Working data:
======
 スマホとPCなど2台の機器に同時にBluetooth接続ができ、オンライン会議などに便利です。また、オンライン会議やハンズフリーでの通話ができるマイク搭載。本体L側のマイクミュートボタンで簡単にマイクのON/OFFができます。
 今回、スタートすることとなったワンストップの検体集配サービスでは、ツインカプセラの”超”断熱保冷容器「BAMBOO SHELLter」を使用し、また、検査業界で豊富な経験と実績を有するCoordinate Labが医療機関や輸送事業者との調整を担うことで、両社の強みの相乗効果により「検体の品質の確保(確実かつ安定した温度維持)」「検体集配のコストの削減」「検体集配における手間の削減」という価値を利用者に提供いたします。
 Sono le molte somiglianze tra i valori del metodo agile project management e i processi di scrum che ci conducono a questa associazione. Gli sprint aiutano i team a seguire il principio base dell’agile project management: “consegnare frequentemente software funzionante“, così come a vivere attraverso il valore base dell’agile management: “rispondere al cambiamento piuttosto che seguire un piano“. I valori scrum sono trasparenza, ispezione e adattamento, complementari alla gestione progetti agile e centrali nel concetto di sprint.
======
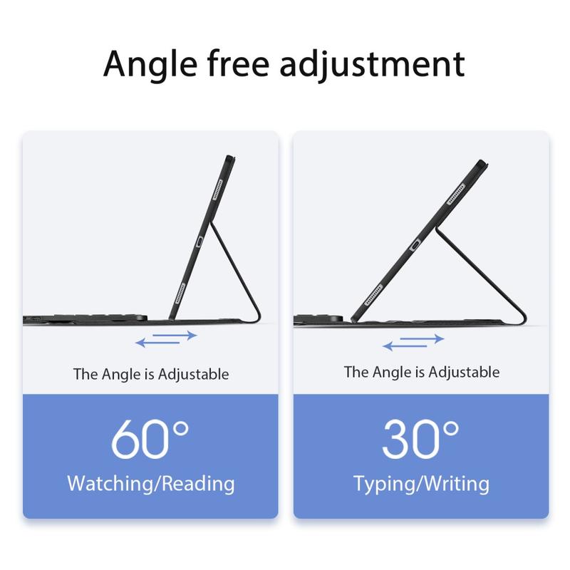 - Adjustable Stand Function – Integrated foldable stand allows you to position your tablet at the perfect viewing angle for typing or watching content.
======
Exercise directions: Take the records above and return, word for word, only the lines that fall from the line with "スマホとPCなど2台の機器に" to the line with "Sono le molte", both of them included.

Solved exercise:
 スマホとPCなど2台の機器に同時にBluetooth接続ができ、オンライン会議などに便利です。また、オンライン会議やハンズフリーでの通話ができるマイク搭載。本体L側のマイクミュートボタンで簡単にマイクのON/OFFができます。
 今回、スタートすることとなったワンストップの検体集配サービスでは、ツインカプセラの”超”断熱保冷容器「BAMBOO SHELLter」を使用し、また、検査業界で豊富な経験と実績を有するCoordinate Labが医療機関や輸送事業者との調整を担うことで、両社の強みの相乗効果により「検体の品質の確保(確実かつ安定した温度維持)」「検体集配のコストの削減」「検体集配における手間の削減」という価値を利用者に提供いたします。
 Sono le molte somiglianze tra i valori del metodo agile project management e i processi di scrum che ci conducono a questa associazione. Gli sprint aiutano i team a seguire il principio base dell’agile project management: “consegnare frequentemente software funzionante“, così come a vivere attraverso il valore base dell’agile management: “rispondere al cambiamento piuttosto che seguire un piano“. I valori scrum sono trasparenza, ispezione e adattamento, complementari alla gestione progetti agile e centrali nel concetto di sprint.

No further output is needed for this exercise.